Еще надо было сообщить в Ставку, чтобы не мешали переброске частей Экипажа и нескольких румынских полков в Петроград. Николай давно требовал перебросить верные части в столицу: пусть теперь получит желаемое, но это ему боком выйдет. И не забыть напомнить, чтобы ни в коем случае не давали переводить гвардейские части на отдых к Царскому Селу. Слишком опасно для подготавливаемого дела…
А за несколько дней до того на квартире Керенского проходило в чем-то похожее на встречу Гучкова и Бьюкенена собрание. Только вот говорили там в совершенно ином тоне.
Александр Федорович, как и всегда, поднявшись, опершись кулаками о стол, пытался убедить всех, что именно его план действий является верным и нужным народным массам.
— Бросив клич среди рабочих, позвав их к Думе, мы покажем единение трудового народа и вернейших сынов Отечества среди избранников России. Нам никто не сможет противостоять: министры, эти ставленники Распутина и германские агенты, слишком глупы и слабы, чтобы что-то противопоставить трудовой массе. Люди будут требовать не только хлеба, но и изменения, воли, свободы, земли! Что противопоставит этому правительство? Ничего, товарищи, ничего! Итак, кто за проведение демонстрации, за удар в мягкое брюхо гниющему режиму, гноящему народ?
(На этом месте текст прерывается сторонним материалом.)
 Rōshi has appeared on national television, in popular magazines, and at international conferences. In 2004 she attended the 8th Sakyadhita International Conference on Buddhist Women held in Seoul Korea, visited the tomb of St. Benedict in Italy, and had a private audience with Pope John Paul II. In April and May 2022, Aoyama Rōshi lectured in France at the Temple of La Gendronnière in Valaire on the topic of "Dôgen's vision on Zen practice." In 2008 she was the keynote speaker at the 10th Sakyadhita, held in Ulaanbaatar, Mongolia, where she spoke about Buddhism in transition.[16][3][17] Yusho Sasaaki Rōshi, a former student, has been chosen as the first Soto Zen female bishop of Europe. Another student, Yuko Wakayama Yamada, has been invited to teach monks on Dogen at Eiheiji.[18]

— Мы за проведение, но не четырнадцатого, а десятого. Это будет символом, знаком того, что народ против суда над своими представителями от партии социал-демократов! — Керенского поддержал представитель от большевиков. — Мы за то, чтобы втоптать царский режим в грязь, в то единственное, чем он достоин и может править, за то, чтобы убрать теряющую силу в прениях и разговорах Думу, мы за то, чтобы пойти на Невский! Не нужно всех этих пустопорожних резолюций в пользу Думы и за правительство спасения страны! К чему это может привести? Только к новым разговорам, и все. Нужно действовать, а не ждать. Если же выступление все-таки состоится четырнадцатого числа, то мы выступим, но — под другими лозунгами, откажем в поддержке нашим авторитетом демонстрантам, идущим к Думе ради пустых разговоров. Мы сами возьмем ход дела в свои руки. Мы — большевики, а значит, то, что невозможно для других, мы сделать сможем!
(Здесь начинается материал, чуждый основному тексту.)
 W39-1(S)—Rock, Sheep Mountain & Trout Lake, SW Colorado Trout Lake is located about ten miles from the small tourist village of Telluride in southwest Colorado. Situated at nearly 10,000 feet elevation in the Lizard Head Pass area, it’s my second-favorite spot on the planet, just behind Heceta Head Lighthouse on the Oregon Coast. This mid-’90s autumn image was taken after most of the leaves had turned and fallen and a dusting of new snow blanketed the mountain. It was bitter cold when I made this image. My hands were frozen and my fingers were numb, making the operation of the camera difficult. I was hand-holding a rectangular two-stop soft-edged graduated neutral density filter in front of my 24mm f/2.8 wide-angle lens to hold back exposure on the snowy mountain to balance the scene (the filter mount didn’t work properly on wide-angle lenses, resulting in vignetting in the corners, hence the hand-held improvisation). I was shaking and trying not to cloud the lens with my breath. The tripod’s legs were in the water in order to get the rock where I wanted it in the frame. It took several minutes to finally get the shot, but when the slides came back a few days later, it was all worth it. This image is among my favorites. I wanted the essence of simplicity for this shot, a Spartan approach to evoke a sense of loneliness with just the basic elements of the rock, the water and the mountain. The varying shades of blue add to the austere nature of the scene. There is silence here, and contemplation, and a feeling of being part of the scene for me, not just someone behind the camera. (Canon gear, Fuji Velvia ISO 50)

— Господа, это слишком опасно. Полиция возьмет толпу в клещи и перебьет. Вы можете себе представить кровь, которой окрасятся набережные, тротуары и дорога у Таврического дворца? Это будет новое Кровавое воскресенье. И все это — под стенами Думы. Несколько сотен полицейских, пулеметы — и смерть, господа, смерть! — Милюков говорил в таком запале, что даже не заметил, как на нос съехали очки. Он вообще не любил «преждевременности» — то есть активных действий. За это над ним нередко подсмеивались и даже подозревали в скрытых симпатиях к монархизму…
И что же вышло в итоге?
Группы людей, собирающихся в толпы: но ни на Невском, ни у Таврического. Требования изменений и нового правительства — под надзором полиции. Рабочие тужурки и кепки — наравне с шинелями и погонами прапорщиков. Улица и казарма становились одним целым, срастались в один организм. И это было страшно…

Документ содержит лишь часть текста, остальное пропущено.